11. Charges, Taxes and Expenses. Except as otherwise provided in this Section, issuance of certificates for shares of G Preferred Stock shall be made without charge to the Series G Holders for any issue or transfer tax, withholding tax, transfer agent fee or other incidental tax or expense in respect of the issuance of such certificates, all of which taxes and expenses shall be paid by the Company; provided, however, that the Company shall not be required to pay any tax that may be payable in respect of any transfer involved in the registration of any certificates for Common Stock or G Preferred Stock in a name other than that of the Series G Holder. The Series G Holder shall be responsible for all other tax liability that may arise as a result of holding or transferring the G Preferred Stock or receiving shares of Common Stock in respect of the G Preferred Stock.
12. Replacement Certificates. If any certificate evidencing G Preferred Stock is mutilated, lost, stolen or destroyed, the Company shall issue or cause to be issued in exchange and substitution for and upon cancellation hereof, or in lieu of and substitution for such certificate, a new certificate, but only upon receipt of evidence reasonably satisfactory to the Company of such loss, theft or destruction and customary and reasonable indemnity, if requested. Applicants for a new certificate under such circumstances shall also comply with such other reasonable regulations and procedures and pay such other reasonable third-party costs as the Company may prescribe.

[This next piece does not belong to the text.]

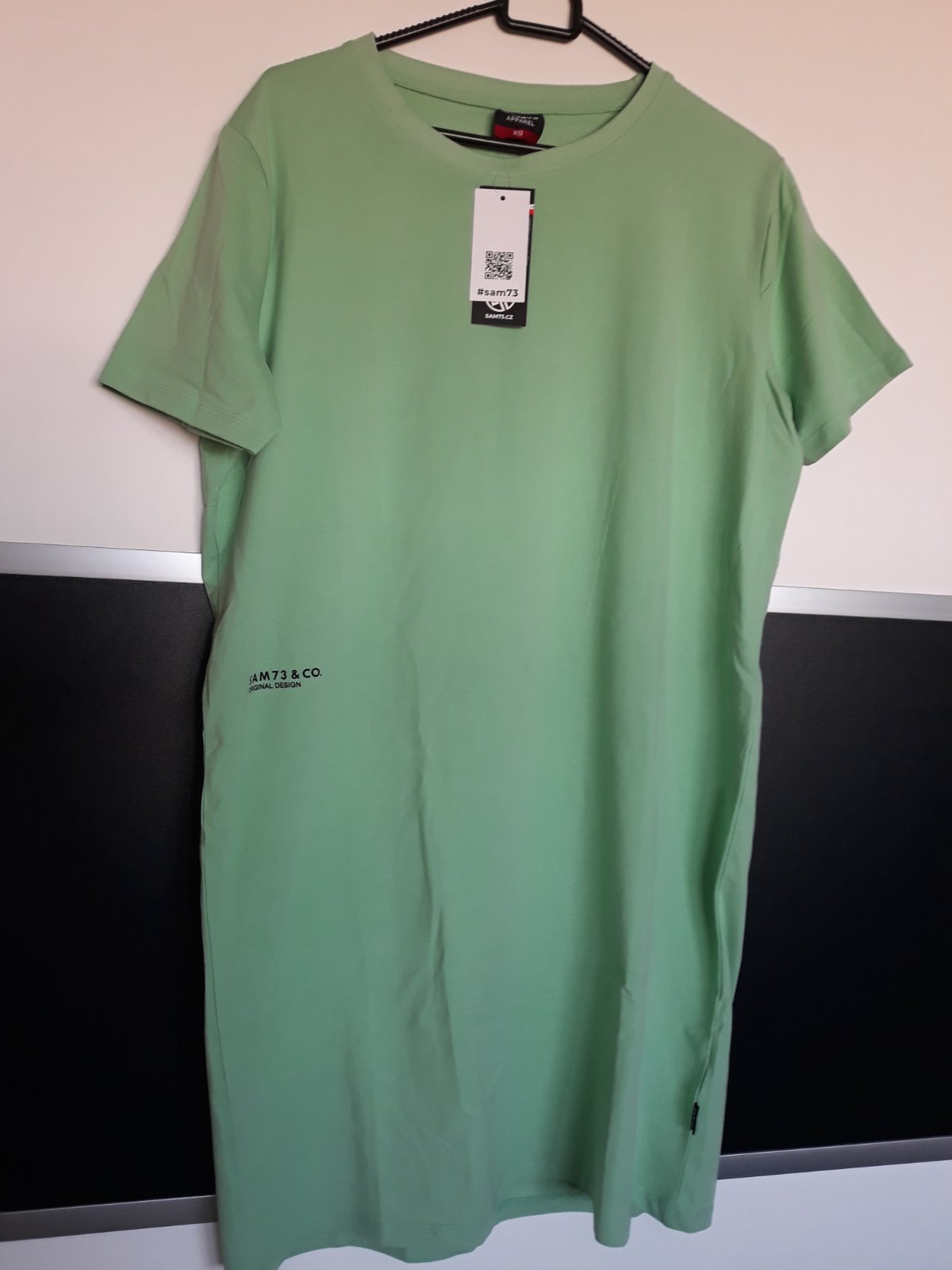 Predám nové dámske bledučkozelené šaty SAM73 s vreckami, krátky rukáv..95% bavlna, 5% elastan..veľkosť písaná XS,ale sadne až do M..prsia 54cm..dĺžka 90cm..cena 10e + poštovné.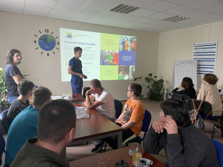 V marci žiaci dostali zadanie vyrobiť vešiaky na odev. Niektorí ich vyrábali v škole a niektorí doma. Boli sme prekvapení, aké skvelé výrobky so sebou priniesli a prezentovali nám ich výrobu. Využili materiály ako drevo, plast i kov. Potom nasledovala prehliadka firmy. Ukázali sme žiakom našu novú robotickú linku a nové automatizácie. Po exkurzii ich čakala súťaž „Lov na indície“, pri ktorej im asistovali naši súčasní dualisti. Slepé mapy, konštrukcia zadaného výrobku aj kvíz zvládli všetci bez problémov.

13. Reservation of Common Stock. The Company covenants that it will at all times reserve and keep available out of the aggregate of its authorized but unissued and otherwise unreserved Common Stock, solely for the purpose of enabling it to issue shares of Common Stock as required hereunder, the number of shares of Common Stock which are then issuable and deliverable upon the conversion of (and otherwise in respect of) all outstanding G Preferred Stock (taking into account the adjustments described in Section 14), free from preemptive rights or any other contingent purchase rights of persons other than the Series G Holder. The Company covenants that all shares of Common Stock so issuable and deliverable shall, upon issuance in
20
accordance with the terms hereof, be duly and validly authorized, issued and fully paid and nonassessable.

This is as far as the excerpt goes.